Keep in mind that this is for a widely used generic implementation so there's a extra safety built in here with the try/catch to protect against invalid user provided folder names etc. from throwing out of the app. In that scenario there's no file list returned.

The code above should prevent devices and reparse points - which are likely the cause of the \\.\nul device errors I'm seeing in the log - to stop occurring as they are not being returned by the directory listing.

Summary

Since implementing this fix the logs have been clean of the errors. Since I never had a repro scenario I can only go off my logs though so I can't be 100% certain that the problem is solved, but using both the directory skip filter plus the exception handling around the Attributes retrieval most definitely should fix this issue.

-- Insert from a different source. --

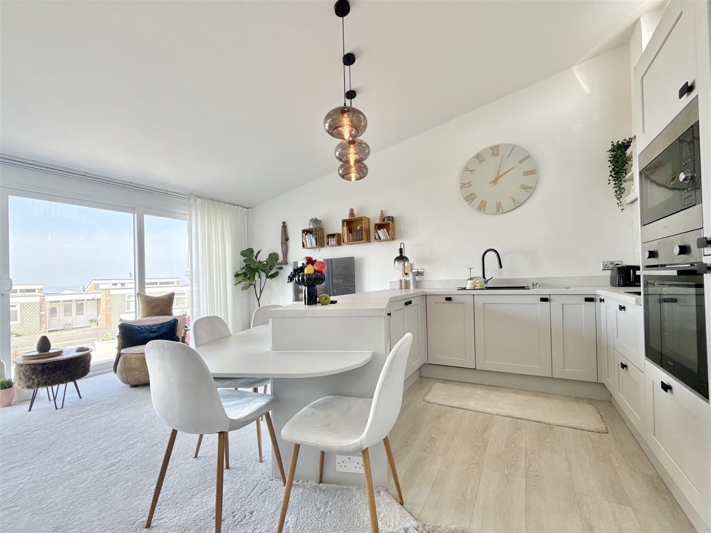 Entering in to a spacious and welcoming entrance hall, the quality and tranquil style becomes immediately apparent. The space leads through all all of the principal living accommodation with the main living space occupying the front of the property. A modern and incredibly impressive open-plan room, enjoying plenty of natural light and taking in superb views over Torbay. There is a recently installed high-quality kitchen, offering plenty of worktop and cupboard space, creating a central peninsular which is perfect for entertaining around. Sliding patio doors lead out to the low maintenance terrace and feature garden to the front.

To be clear this is a huge edge case for a very generic file browser solution that's going to get all sorts of weird shit thrown at it from many different types of users from power users to your grandma's file systems. In more controlled situations you probably don't have to worry about edge cases like this.

However, it's important to remember that there can be funky behaviors with filesystem behavior related to symlinks and remapped folders (like DropBox). For example, I just ran into an issue where FileInfo.Exists reports the Dropbox folder as non-existing where Directory.GetDirectory() does. IOW, symlinked files and folders can have odd behaviors and in those scenarios where you're dealing with symlinked file artifacts it might be a good idea to explicitly specify the file attributes to avoid unexpected failures that can't be easily handled with predictable logic.